Netease Open Course: 14th courses
Notes, 10
In the factor analysis mentioned earlier, the EM algorithm is used to find potential factor variables for dimensionality reduction.
This article introduces another dimension reduction method, principal components analysis (PCA), which is more direct than factor analysis and easier to calculate.
Principal component analysis is based on,
In reality, for high-dimensional data, many dimensions are Disturbance noise, or some dimensions are redundant, which has no effect on describing data features.
For example, when describing the speed of a car, we use different units of mph or kph as two dimensions. In fact, we only need one dimension.
If most of the data in a high-dimensional data, such as a three-dimensional space, is concentrated in a two-dimensional plane, then we use the two main vectors of the Two-dimensional plane to replace the three-dimensional vector, to achieve the purpose of dimensionality reduction
In addition, the original variable information is retained as much as possible.
Broadly speaking, for n-dimensional spaces, data points are concentrated in a K-dimensional hyperplane, so we can say that K main vectors of this hyperplane are the main component.
Look at Ng's example of helicopter self-driving to describe the helicopter driver's level.
X1 represents driving skills; x2 represents driving hobbies and interests. These two dimensions are extremely relevant, such
We can see that all vertices are concentrated near the axis of u1, so we can use U1 as the principal component to replace the original X1 and X2
In fact, we can see that U1 and U2 are the results of rotating X1 and X2. After rotation, we find that the dataset is in the U1 dimension, without U2.
For an n-dimensional space, after rotation, we find that the K-dimensional data can be well described. Then, the K-dimension is the principal component, and the coordinate axes are orthogonal, that is, the features are independent.
Therefore, after rotation, the selected principal components are also independent.
Knowing the principle of principal component analysis, the following question is how to find the principal component?
First, perform preprocessing,
1. Calculate the Mean Value
2. Calculate the deviation from the mean value.
3. Average algorithm variance
4. Normalization deviation. Because the scale on each dimension is different, for example, one dimension is weight 80 and one dimension is height 1.8, so normalization is required.
Okay. How do I find u?
One way to pose this problem is as finding the unit vector u so that when the data is projected onto the direction corresponding to U, the variance of the projected data is maximized.
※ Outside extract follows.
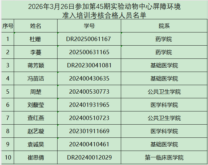 以下培训合格人员需在一个月内进入屏障开展实验,逾期未进者须重新接受培训考核,望周知!
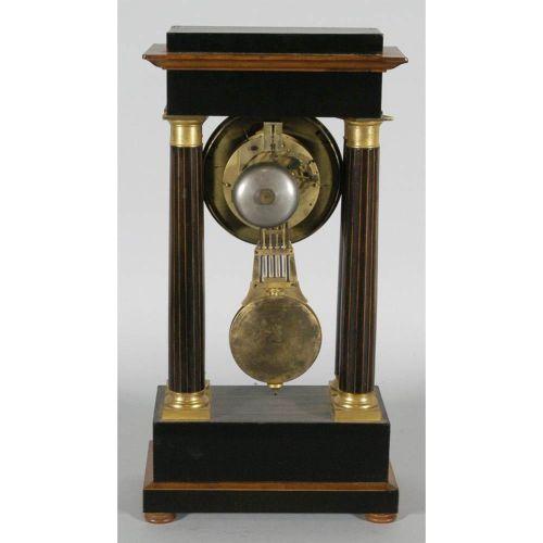 FRENCH PORTICO CLOCK, with line inlay, 19" high, mid-19th century, CONDITION REPORT: no problems. PACKING AND SHIPPING: We offer packing (double boxed in most cases) and shipping of this item within the Continental United States by USPS or UPS (our choice- boxes over 30lbs or oversized may be recalculated based on buyer's location), NOT INCLUDING INSURANCE (it will be added when we know the sales price) for $40

Find a unit vector to maximize the variance of the point where data is projected to U, that is, the most scattered
Why?
First, we aim to find the child superplane so that the data points are concentrated on this superplane as much as possible, that is, the distance from the point to this superplane is as small as possible.
For example, the variance is the largest when the distance from the point to the U vector is the least hour.
When the direction of the right graph is selected, the variance is the smallest.
In addition, the variance is large and the points are scattered to facilitate differentiation.
Formal expression,
Principal Component Analysis (principal components analysis)-maximum variance Interpretation
To formalize this, note that given a unit vector u and a point X, the length of the projection of X onto U is given
So the variance sum of all vertices is,
The middle part is the covariance matrix of X,
Set,
Is
Is
The formula above is,
The two sides multiply by u at the same time
That is, this is the formula of feature vectors and feature values.
The above goal is to find u in the case of maximization. Here we convert it to the covariance matrix of X, and the feature vector u with the largest feature value.
Here we will briefly explain the feature vectors and feature values.
Http://zh.wikipedia.org/wiki/%E7%89%B9%E5%BE%B5%E5%90%91%E9%87%8F
The matrix can be regarded as a linear transformation, so the above formula can be seen as linear transformation of the vector u, the resulting vector is still in the same direction, only scaling (that is, number multiplication transformation)
In this way, U is called a linear transformation or a matrix feature vector, and is the feature value corresponding to this feature vector.
We can see that the solution to PCA is actually very simple,
You only need to first calculate the covariance matrix between all X and then find the feature vector of this matrix.
Finally, sort by feature values, and use the first K feature vectors as the new principal component vectors.
PCA is widely used,
Compressed Data
Visualization, high-dimensional data cannot be visualized, and reduced to two or three dimensions for visualization
Reduces over-fitting and supervised learning with high-dimensional data. The model is highly complex and easy to overfit. The PCA dimensionality reduction function prevents overfitting.
Noise Removal. For example, for face recognition, the pixel of 100x100 is a 10000 feature. Principal Component features can be found through PCA dimensionality reduction.
Exception detection: the PCA can be used to locate the hyperplane composed of K principal components. If the new data is far away from the hyperplane, it may be abnormal data.